What is it?
It’s the low emissions version of Vauxhall’s seven-seat people carrier, the Zafira. Powered by the same 1.7-litre diesel that you’ll find in the Astra Ecoflex, it emits 139g/km of carbon dioxide, does 53.3mpg, and costs just £120 a year to tax.
More interesting is what this car isn’t though because, although Vauxhall probably doesn’t want you to read this, its new Eco-Zafira isn’t quite the lowest carbon or most frugal seven-seater on the market.
Bonus anorak points go to anyone who knows that it’s Renault’s 1.5-litre Grand Scenic dCi that bests it, with a claimed 55.4mpg on the combined cycle, and putting out just 135g/km.
What’s it like?
Very much like a car in need of more grunt, a shorter gearset and an end-of-life cabin refresh.
This Zafira’s 108bhp peak power output and 191lb ft allotment of torque are actually both more generous than the equivalents of the aforementioned Renault and of VW’s Touran Bluemotion. Which just proves that you’ll have to be fully committed to economic motoring to accept the compromised performance of a car like this.
Vauxhall hasn’t just slotted a smaller capacity diesel into this car than any other Zafira gets, it’s also lengthened the car’s final drive ratio with the aim of boosting fuel economy.

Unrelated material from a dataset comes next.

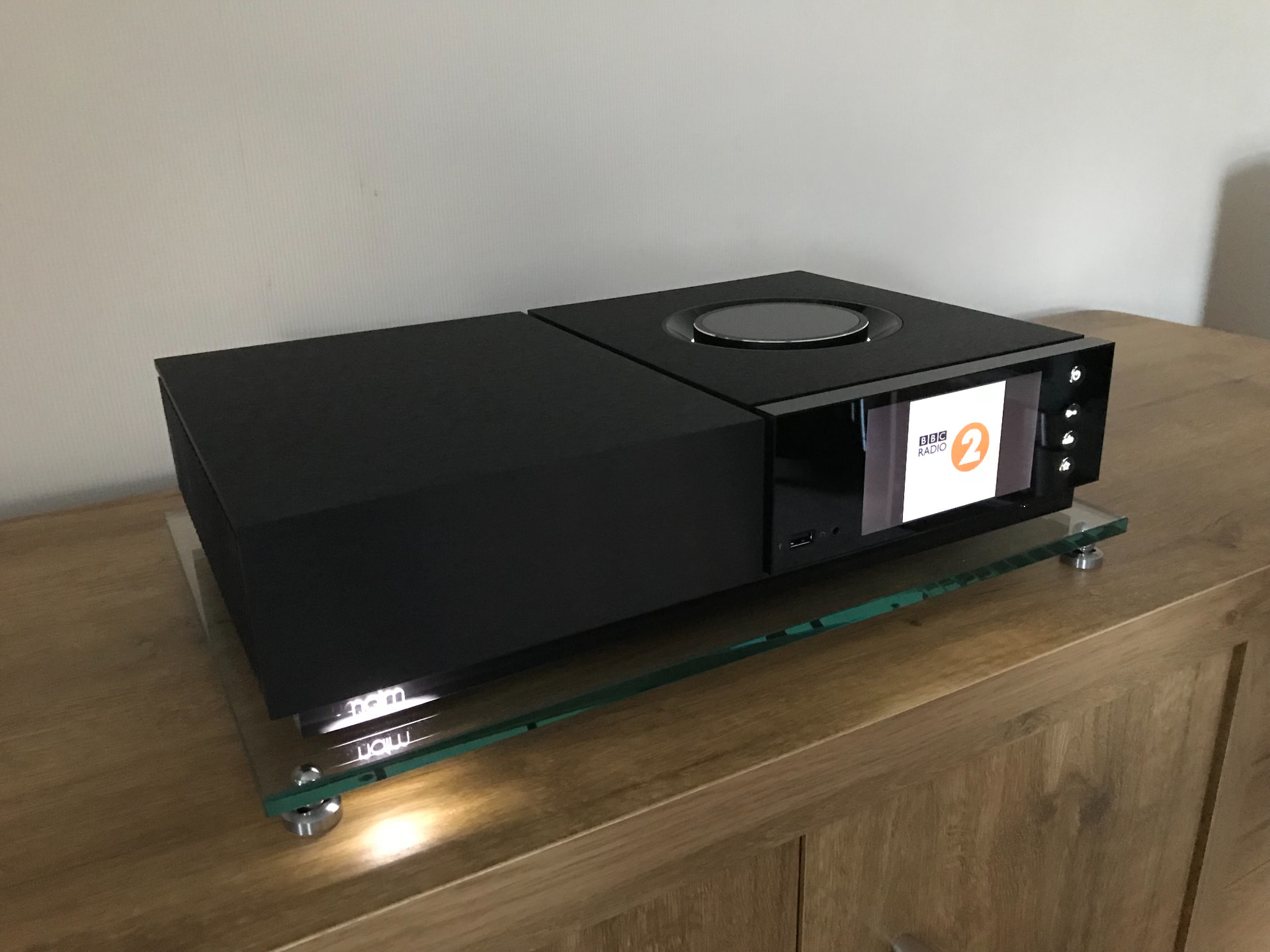 I tried glass and Fraim cups and balls, and it made no appreciable difference. I also tried “everyone’s favourite” IsoAcoustics isolators and they ripped the sound apart. In the end I just left it on the little wooden table.

What that means on the road is that 62mph takes almost 13secs to arrive.
Escaping 3rd gear on a long, fairly steep incline requires an investment of considerable effort, commitment and faith. What’s more, we drove the car ‘one-up’; driving one fully loaded with occupants would definitely require a patient disposition.
At least it’s easy to lower and raise the ‘Flex-7’ seats. But while the rest of cabin is as robust and functional as it’s been since we first saw the car in 2004, you have to concede that it’s looking a bit drab and ordinary relative to the more modern and interesting interiors of the Citroen C4 Picasso and the updated Grand Scenic.
When the soon-to-arrive new Astra comes on stream, it’ll look even more outmoded.
Should I buy one?
Without wishing to put too fine a point on it, no. Getting 53mpg out of a car this size is no mean achievement for GM Europe, but while there’s a Renault Grand Scenic that’s cheaper to buy, cheaper to run, just as roomy and versatile and generally more desirable than this, you struggle to build a case for the ageing Vauxhall.
Because even those who don’t care about the paltry performance of their people carrier are best advised to look elsewhere.